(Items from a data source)
━━━━━━━━━━━━━━━━━━━━━━━━━━━━━━

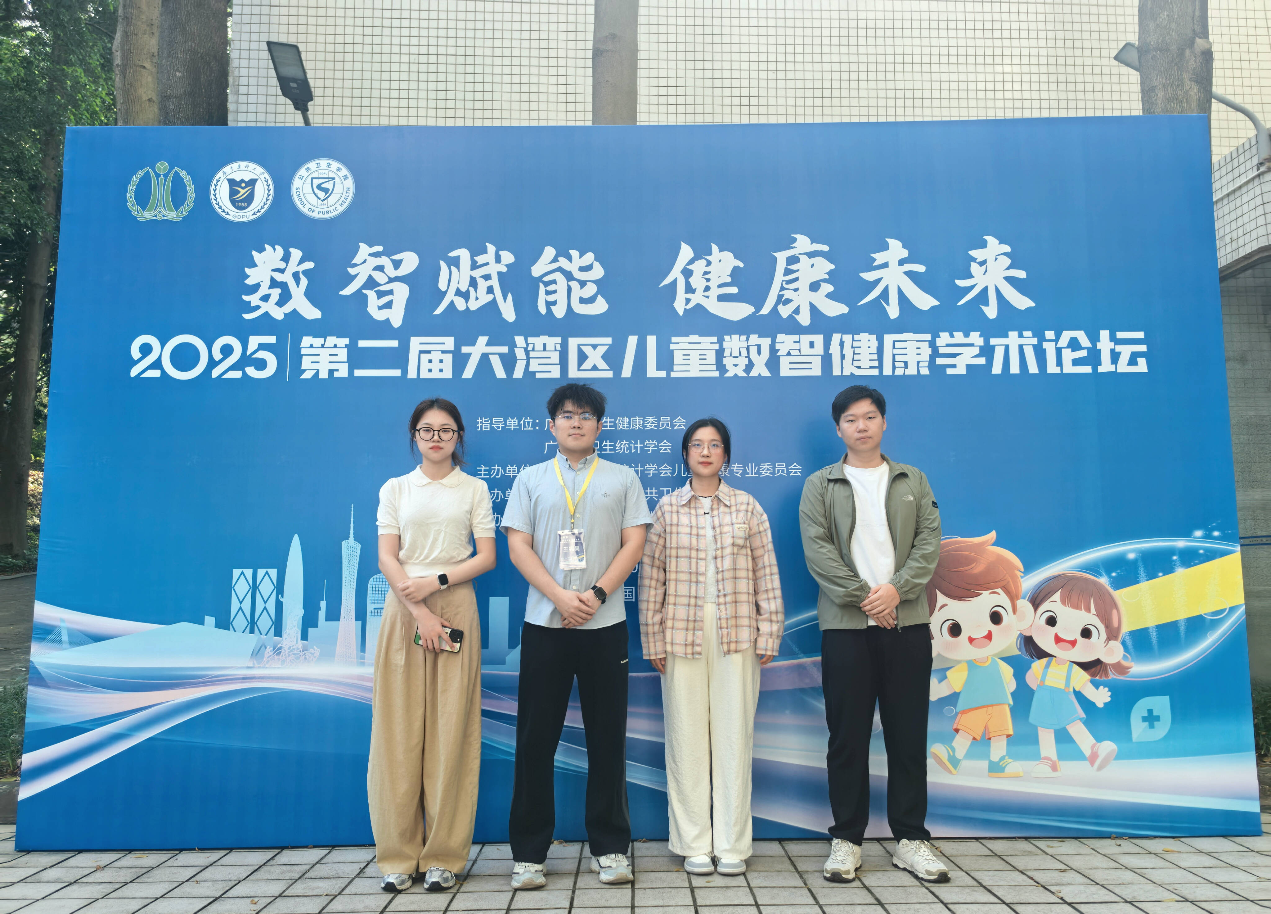 2025年10月18日-19日,由广东省卫生统计学会儿童健康专业委员会主办,广东药科大学公共卫生学院承办,中山大学公共卫生学院协办的广东省卫生统计学会儿童健康专业委员会第二届大湾区儿童数智健康学术论坛在广东省广州市隆重举行,学院青年教师陈学禹带领部分研究生参加本次学术会议。
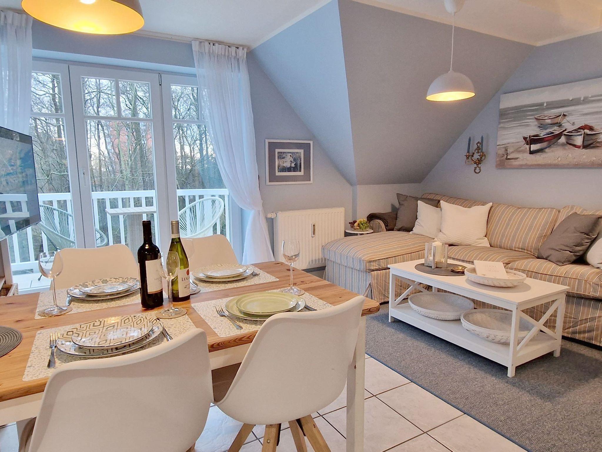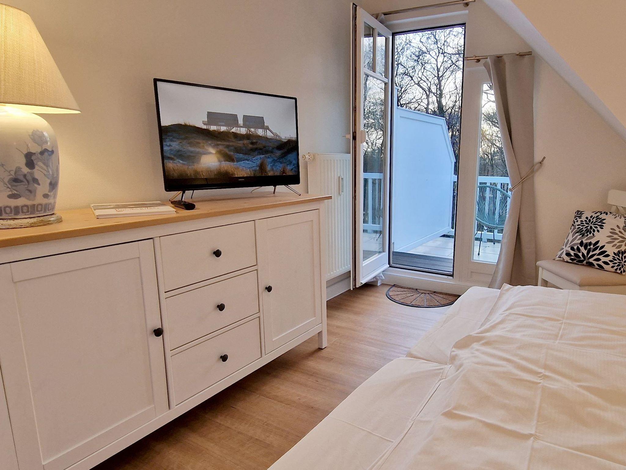 Moderne 3-Zimmer-Ferienwohnung in St. Peter-Ording mit zwei Balkonen und WLAN, ideal für erholsame Tage am Meer.
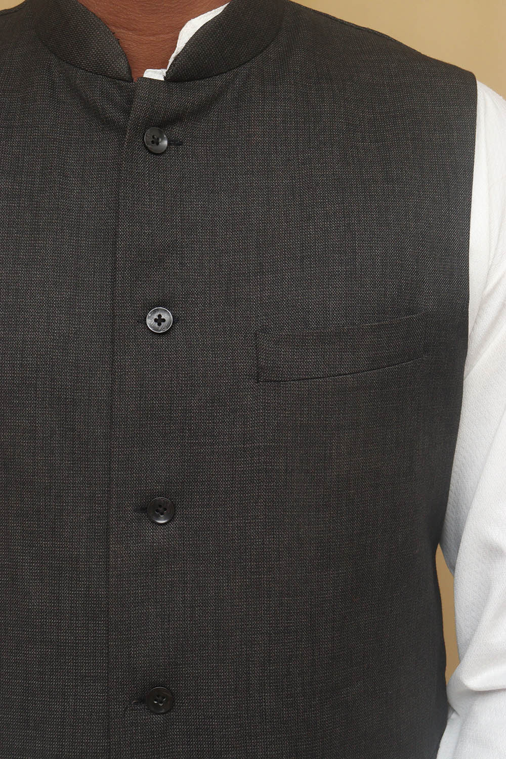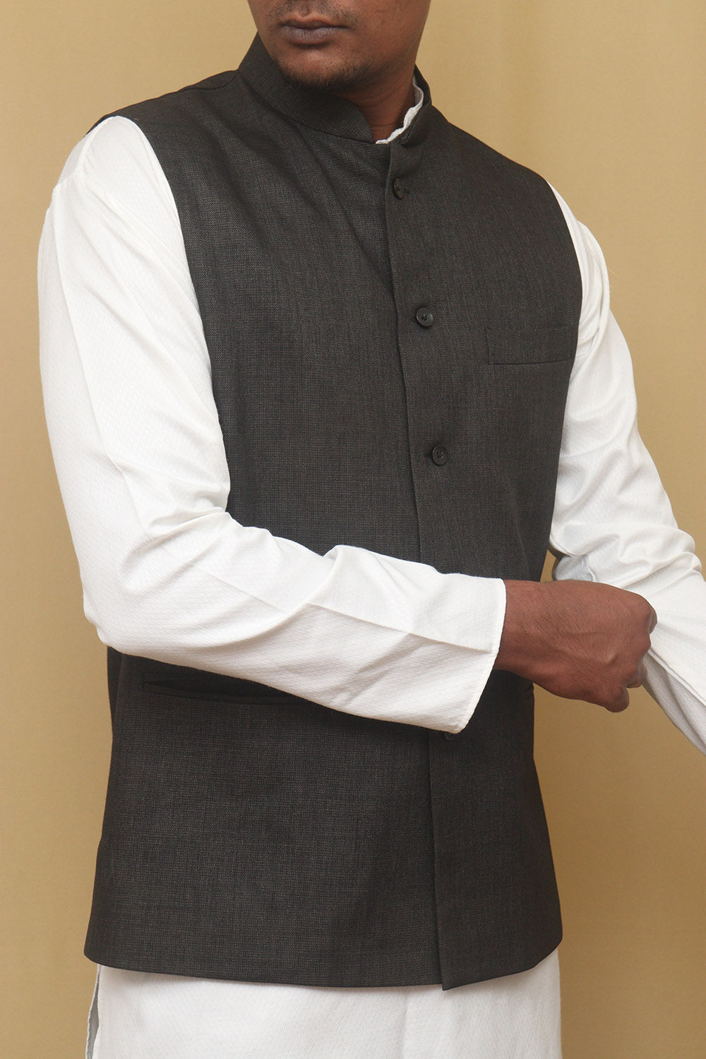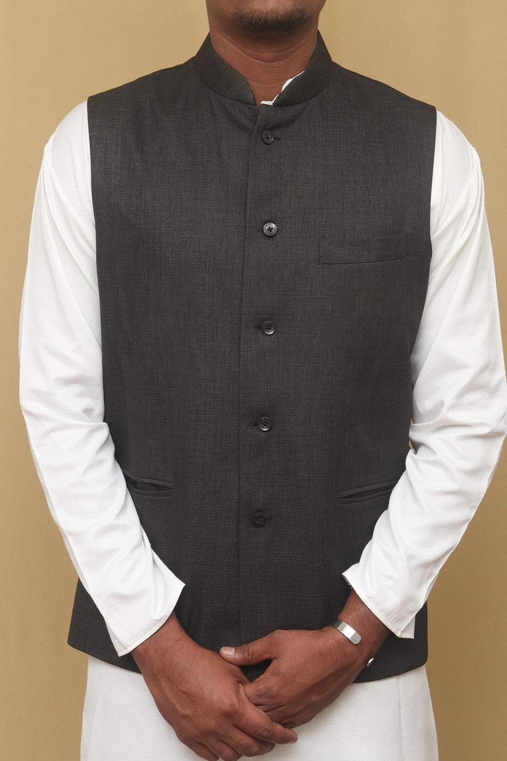 The Black Cotton Nehru Jacket is a timeless and versatile piece that adds a touch of sophistication to any outfit. Made from high-quality cotton, this jacket offers both comfort and durability. Its sleek black color makes it suitable for both formal and casual occasions. The jacket features a mandarin collar, giving it a unique and stylish look. It has a button-down front closure and two front pockets, providing functionality and convenience. The slim fit design enhances the wearer's silhouette, creating a polished and refined appearance. This jacket is perfect for layering over a shirt or a kurta, making it a must-have wardrobe staple for any fashion-conscious individual.
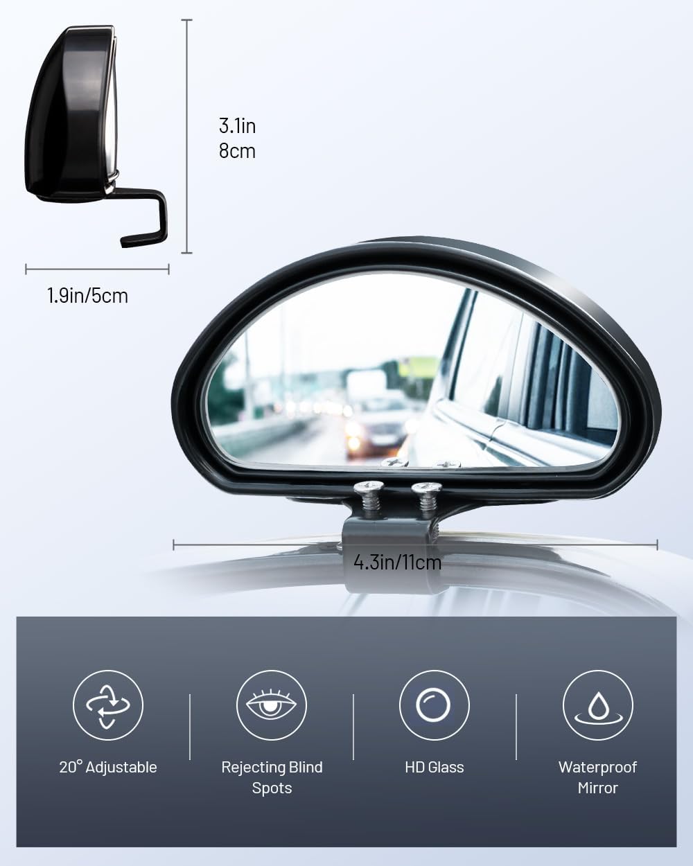 Our WildAuto 2PCS Adjustable Blind Spot Mirrors are designed to enhance driving safety by providing a wider, clearer view of your surroundings. Crafted from high-quality, waterproof, and dustproof materials, these mirrors are built for long-lasting durability and resistance to wear, rust, and corrosion. The adjustable convex design eliminates blind spots and allows full directional adjustment for optimal visibility. Suitable for all cars, SUVs, trucks, and buses, these mirrors are easy to install using the included screws, ensuring stable placement and improved driving confidence.
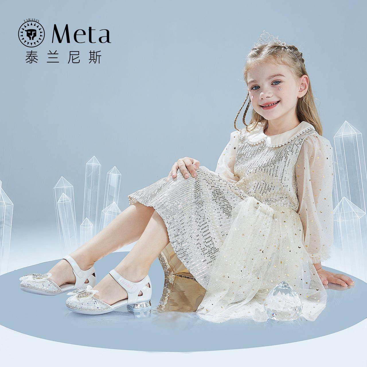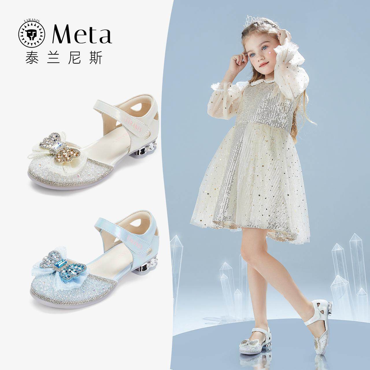 泰兰尼斯meta春夏新款女童水钻公主鞋软底儿童水晶鞋校园演出鞋子
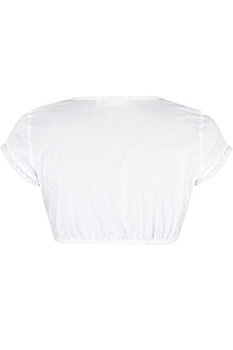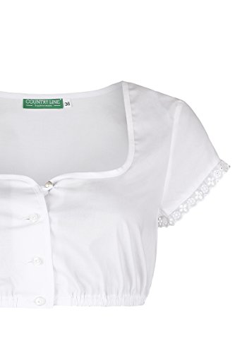 Diese weiße Bluse verfügt über einen niedlichen nahezu eckigen Ausschnitt der Ihr Dekolleté vorteilhaft zur Geltung bringt. Geschlossen wird die Bluse vorne mit drei kleinen Knöpfen und einem Kugelknopf der sich an oberster Stelle befindet. Am Saum der Bluse ist ein Gummizug angebracht. Die Ärmel der Bluse sind am Saum mit einer breiten weißen Spitzenbordüre geziert. Der Mix aus Polyester und Baumwolle ermöglichen einen hohen Tragekomfort sowie einfache Pflege der Bluse. Am besten die Bluse direkt nach dem Waschen nass auf einen Bügel hängen und trocknen lassen. Somit ist ein Bügeln nicht notwendig. Tipp: Die Bluse auf links gedreht aufhängen, so entstehen beim Trocknen keine „Hörnchen“ durch den Bügel. Diese Bluse lässt sich gut zu einem klassischen Dirndl kombinieren. Auch eine Trachtenjacke und ein Trachtencollier runden das Erscheinungsbild harmonisch ab.
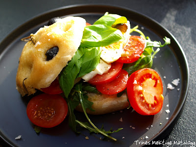 Journalisten fra Mat & Helse fikk servert minifoccacia med rucculasalat, tomater, mozzarella, basilikum, olivenolje og en god balsamicoeddik, samt et dryss med maldonsalt. En enkelt og litt sunn lunsj på en hektisk og begivenhetsrik fredags formiddag.
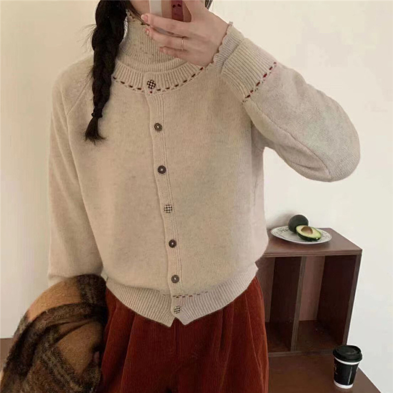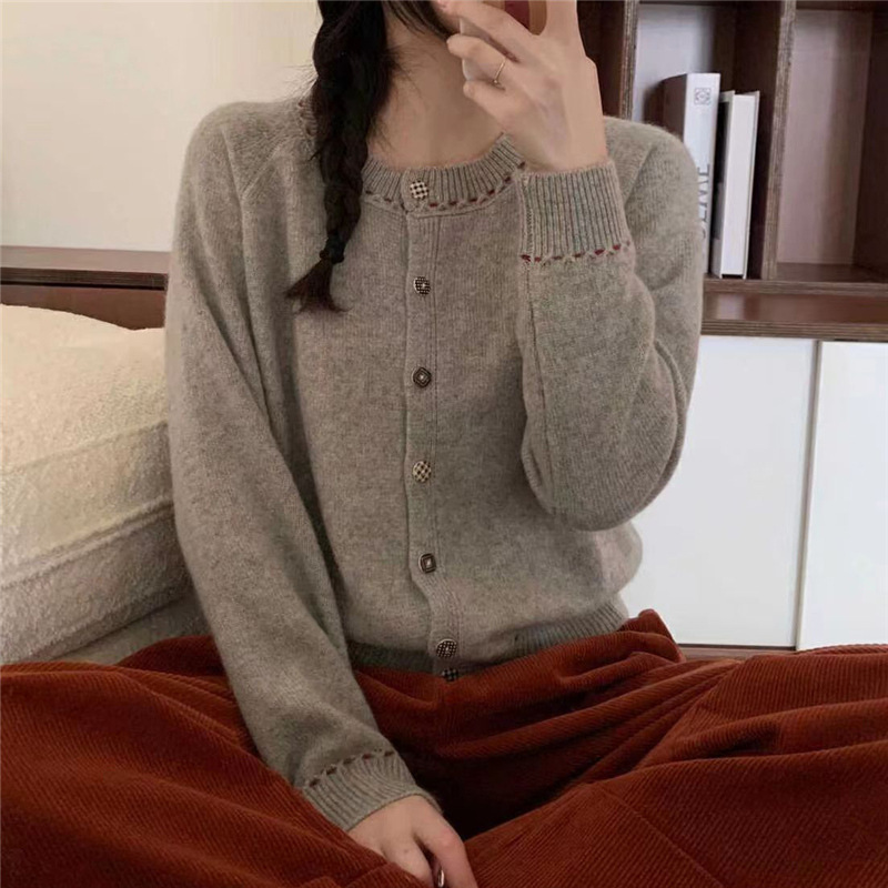 | nameOriginal | Sweet Soft Waxy Retro Fashion Color Button Round Neck Long Sleeve Knitted Cardigan Loose Slimming Design Sense Sweater Coat Women |
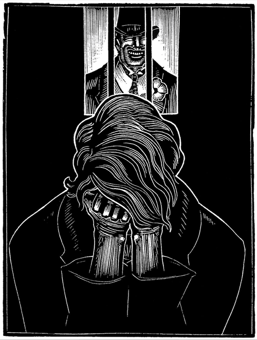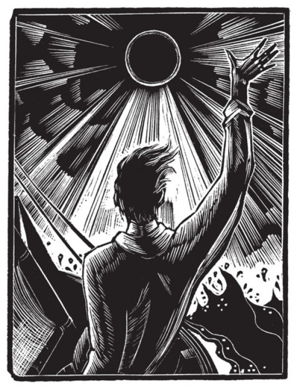 Ward, a Chicago-based artist, created this book using woodblock printing techniques that dated back to 220 CE. Created in 1929, God’s Man is certainly the first graphic novel created by an American, and maybe even the first in the world. It’s also startlingly gorgeous, feeling like a cross between The Cabinet of Dr. Caligari and a KMFDM album cover.
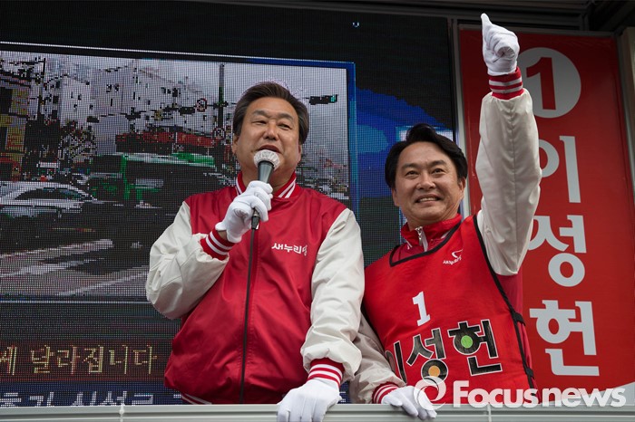 | △ 김무성, 이성헌 후보 지원사격 |
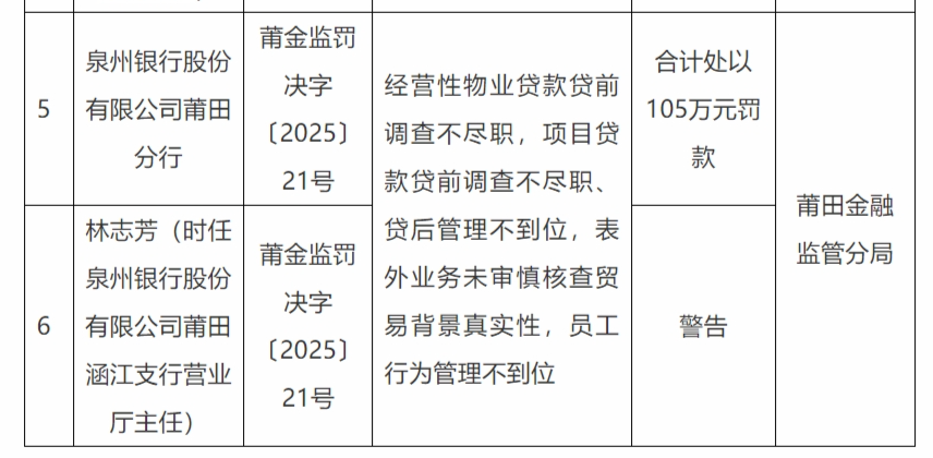 12月26日,莆田金融监管分局行政处罚信息公示表显示,泉州银行股份有限公司莆田分行,经营性物业贷款贷前调查不尽职,项目贷款贷前调查不尽职、贷后管理不到位,表外业务未审慎核查贸易背景真实性,员工行为管理不到位,合计被处以105万元罚款;林志芳(时任泉州银行股份有限公司莆田涵江支行营业厅主任),被警告。
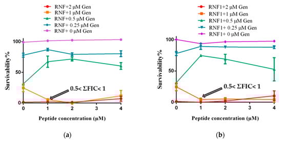Combinations of an antibiotic (Gentamicin) with either RNF or one of its analogues, improved the activity of the peptides against MRSA (Figure 5). As shown in the following figure, the MIC of Gentamicin against MRSA was 2 µM. In the presence of RNF and its analogues, the MIC of Gentamicin against MRSA was reduced to 1 µM. Since RNF and its analogues showed no obvious inhibitory activity against MRSA at 512 µM, the lowest cumulative fractional inhibitory concentration (ΣFIC) would be between 0.5 and 1, indicative of an additive effect between peptide and Gentamicin. The best combination of peptide with Gentamicin was 1 µM with 1 µM, respectively.

━━━━━━━━━━━━━━━━━━━━━━━━━━━━━━

WHAT IS BEING ASKED: Copy, word for word, the entries above from the first line to the line that holds "泰兰尼斯meta春夏新款女童水钻公主鞋软底儿童水晶鞋校园演出鞋子". Drop the pictures.

SOLUTION FOR THIS EXERCISE:
 2025年10月18日-19日,由广东省卫生统计学会儿童健康专业委员会主办,广东药科大学公共卫生学院承办,中山大学公共卫生学院协办的广东省卫生统计学会儿童健康专业委员会第二届大湾区儿童数智健康学术论坛在广东省广州市隆重举行,学院青年教师陈学禹带领部分研究生参加本次学术会议。
 Moderne 3-Zimmer-Ferienwohnung in St. Peter-Ording mit zwei Balkonen und WLAN, ideal für erholsame Tage am Meer.
 The Black Cotton Nehru Jacket is a timeless and versatile piece that adds a touch of sophistication to any outfit. Made from high-quality cotton, this jacket offers both comfort and durability. Its sleek black color makes it suitable for both formal and casual occasions. The jacket features a mandarin collar, giving it a unique and stylish look. It has a button-down front closure and two front pockets, providing functionality and convenience. The slim fit design enhances the wearer's silhouette, creating a polished and refined appearance. This jacket is perfect for layering over a shirt or a kurta, making it a must-have wardrobe staple for any fashion-conscious individual.
 Our WildAuto 2PCS Adjustable Blind Spot Mirrors are designed to enhance driving safety by providing a wider, clearer view of your surroundings. Crafted from high-quality, waterproof, and dustproof materials, these mirrors are built for long-lasting durability and resistance to wear, rust, and corrosion. The adjustable convex design eliminates blind spots and allows full directional adjustment for optimal visibility. Suitable for all cars, SUVs, trucks, and buses, these mirrors are easy to install using the included screws, ensuring stable placement and improved driving confidence.
 泰兰尼斯meta春夏新款女童水钻公主鞋软底儿童水晶鞋校园演出鞋子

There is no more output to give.